TL;DR
This paper introduces UAV-Track VLA, a novel vision-language-action model for UAV tracking, supported by a large-scale dataset and benchmark, demonstrating superior real-time performance and zero-shot generalization in urban scenarios.
Contribution
The paper presents a new VLA tracking model with temporal compression and dual-branch decoding, along with a comprehensive dataset and benchmark for UAV embodied tracking.
Findings
UAV-Track VLA achieves 61.76% success rate in long-distance pedestrian tracking.
The model reduces inference latency by 33.4% to 0.0571s.

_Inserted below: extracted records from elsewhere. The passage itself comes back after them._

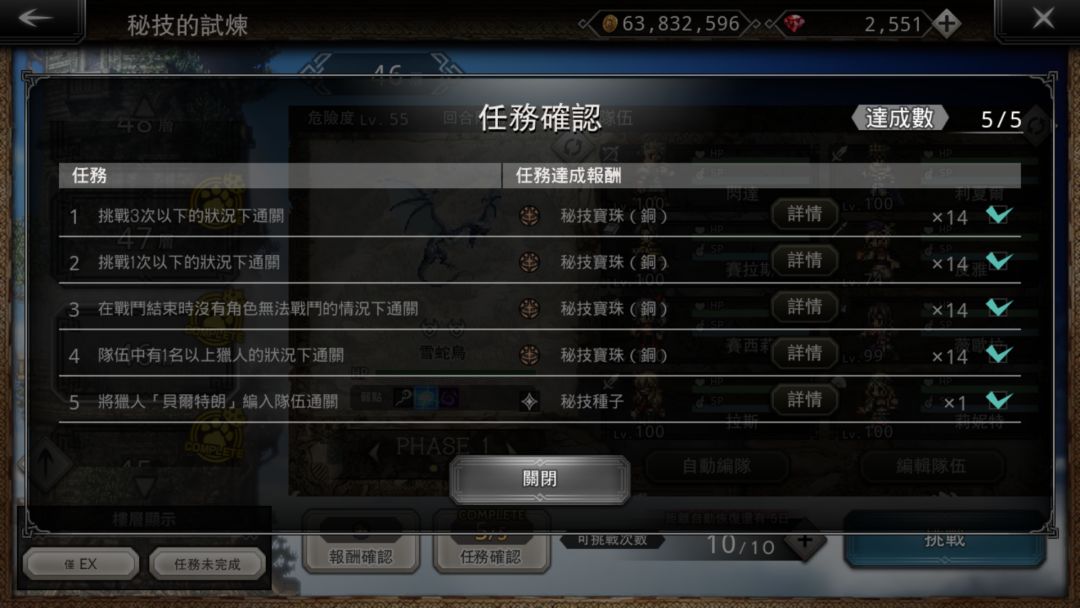 Tip:就算挑战失败,但达成条件也可以获得奖励。
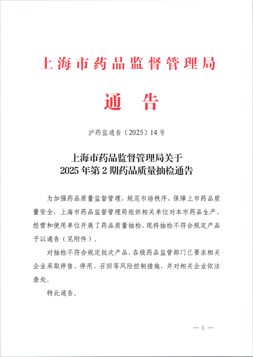 沪药监通告〔2025〕14号
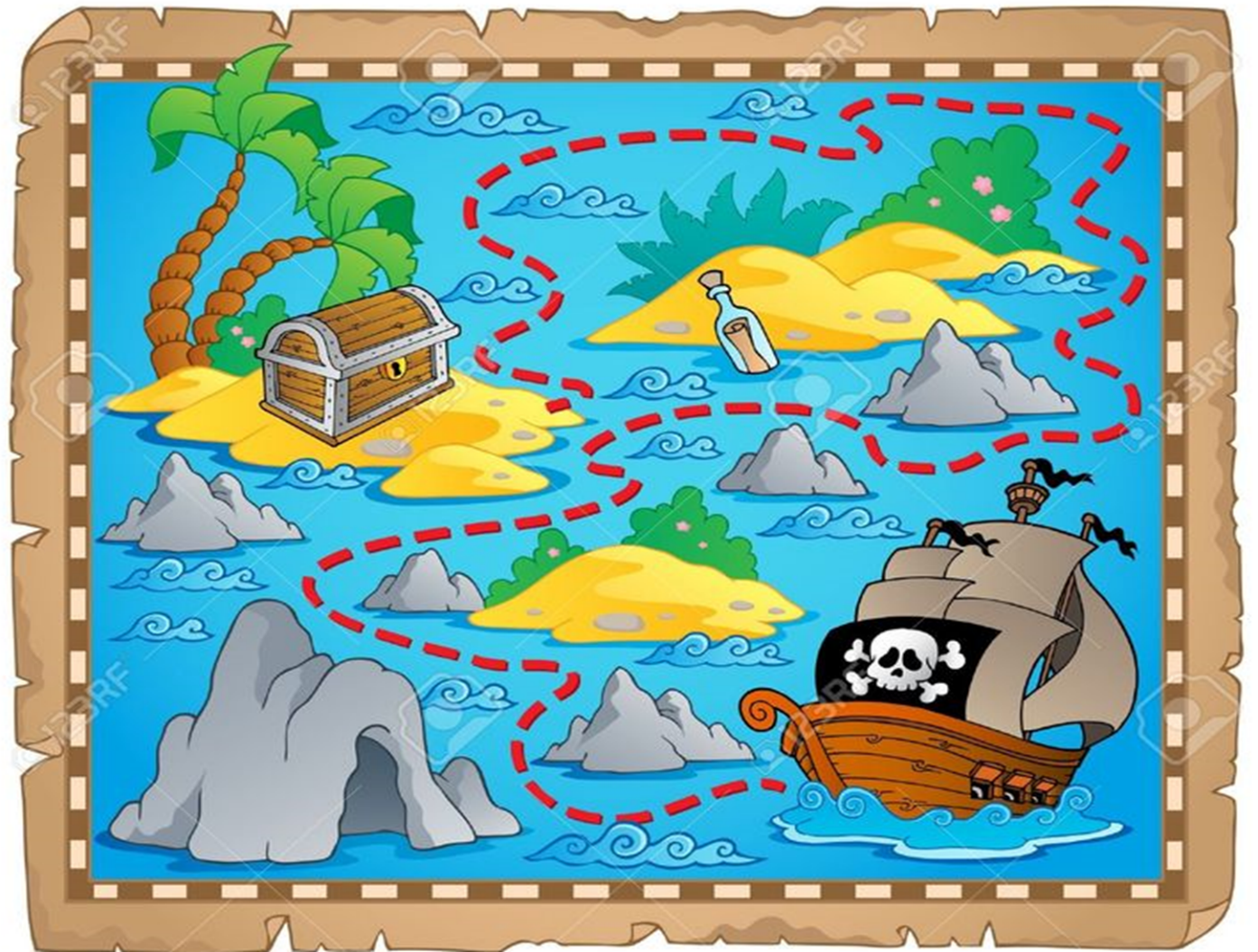 Воспитатель : Ребята мы с вами дали клятву, есть флаг нашего корабля, но мы не знаем куда нам плыть. Где же мы будем искать сокровища? Ведь чтобы найти золото, нам нужна карта, ой, в том письме еще что-то написано! (читает письмо)
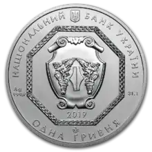 Obverse: The coat of arms of Ukraine and the inscription "НАЦІОНАЛЬНИЙ БАНК УКРАЇНИ" (National Bank of Ukraine) are at the top of the coin. Inside an octagonal cartouche at the centre is a shield with the emblem of the National Bank of Ukraine. At the bottom of the coin, it is inscribed in Ukrainian the value of the coin. On the one-ounce silver coin, it is inscribed with "ОДНА ГРИВНЯ" (one hryvnia).[1]
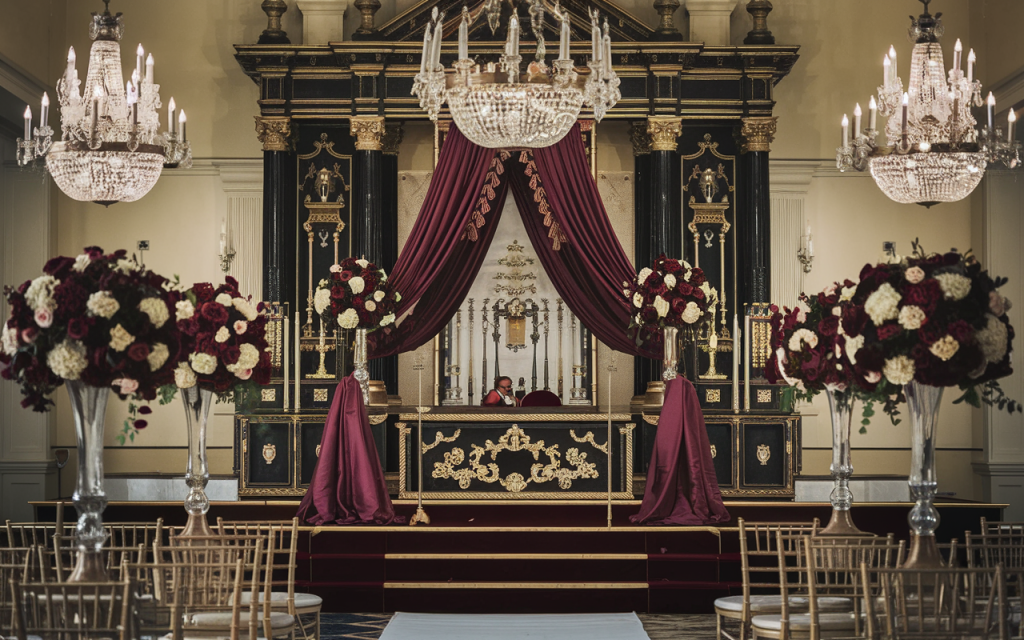 A pristine white aisle, delicately edged with crimson rose petals, leads to a lush floral archway entwined with ivy and deep-hued blooms. The soft flicker of candlelight reflects against gilded candelabras, casting an intimate golden glow upon the stately chairs adorned in rich burgundy velvet. Every element is meticulously placed to evoke the grandeur of an era where romance was an art form, and love was celebrated with unmatched splendor.
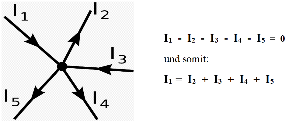 Weshalb ist das möglich? Ganz einfach, die Antwort gibt die Kirchhoff’sche Knotenpunktregel. Nachfolgend wird eine Grafik von Wikipedia verwendet. Zu beachten ist dabei, dass der Knotenpunkt keine zusätzliche Strom- bzw. Energiequelle enthält. Die Pfeilrichtungen sind unbedeutend, sie geben nur die Zählrichtung vor. Flussrichtungen entgegen der vorgegebenen Pfeilrichtungen sind gleichbedeutend mit negativen Vorzeichen. Auch kommt man im Oberflächenmodell mit nur vier „Pfeilen“ aus.
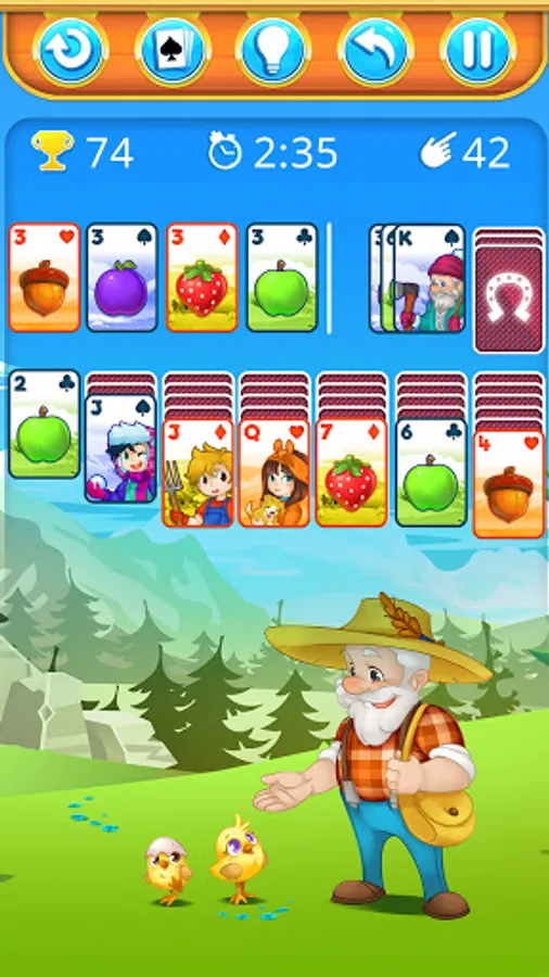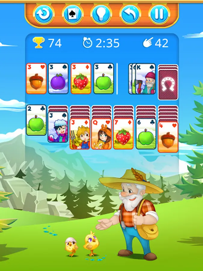 HAPPY FARM SOLITAIRE is a very nice classic solitaire, with no complex gaming mechanisms that you can find in new kind of solitaire games nowdays. In HAPPY FARM SOLITAIRE, just relax and enjoy playing a solitaire game with amazing and so cute graphisms.
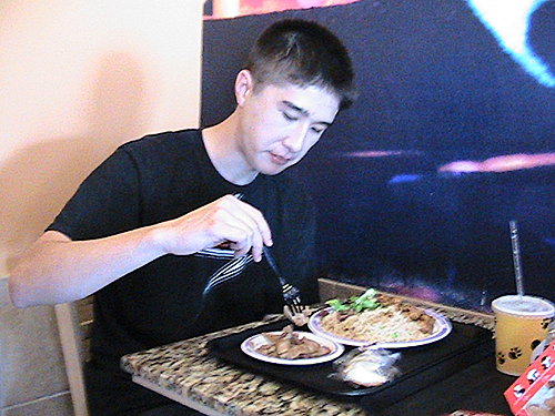 24日,第一次讓他試試學校餐廳
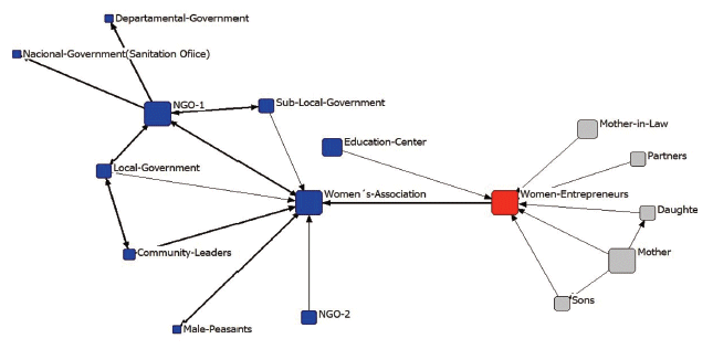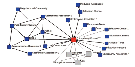 Self-motivated women who initiated contact with an entrepreneur’s network were more likely to participate in other institutional networks, showing and affiliative behavior. Figure 3 shows that the entrepreneurial woman is linked to four different ‘associations’ comprising men and women and to a social structure with higher incidence levels - as opposed to rural networks - ties in self-motivated entrepreneurs are based on instrumental support.
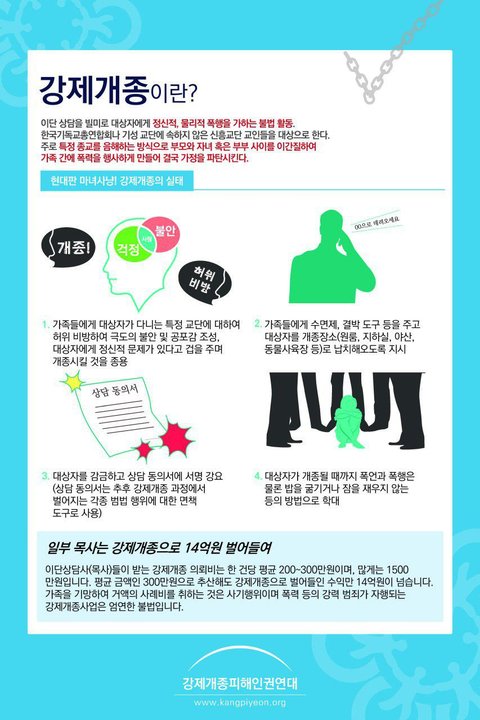 더욱이 대한민국은 헌법 제 20조 1항에 '종교의 자유'를 명시하고 있습니다.그럼에도 불구하고 다 큰 성인에게 강제로 개종을 강요하는 것은 헌법을 어기는 일이요, 명백한 인권침해에 해당됩니다!!

Systematic experiments validate superior performance and zero-shot generalization.
Abstract
Embodied visual tracking is crucial for Unmanned Aerial Vehicles (UAVs) executing complex real-world tasks. In dynamic urban scenarios with complex semantic requirements, Vision-Language-Action (VLA) models show great promise due to their cross-modal fusion and continuous action generation capabilities. To benchmark multimodal tracking in such environments, we construct a dedicated evaluation benchmark and a large-scale dataset encompassing over 890K frames, 176 tasks, and 85 diverse objects. Furthermore, to address temporal feature redundancy and the lack of spatial geometric priors in existing VLA models, we propose an improved VLA tracking model, UAV-Track VLA. Built upon the architecture, our model introduces a temporal compression net to efficiently capture inter-frame dynamics. Additionally, a parallel dual-branch decoder comprising a spatial-aware auxiliary grounding…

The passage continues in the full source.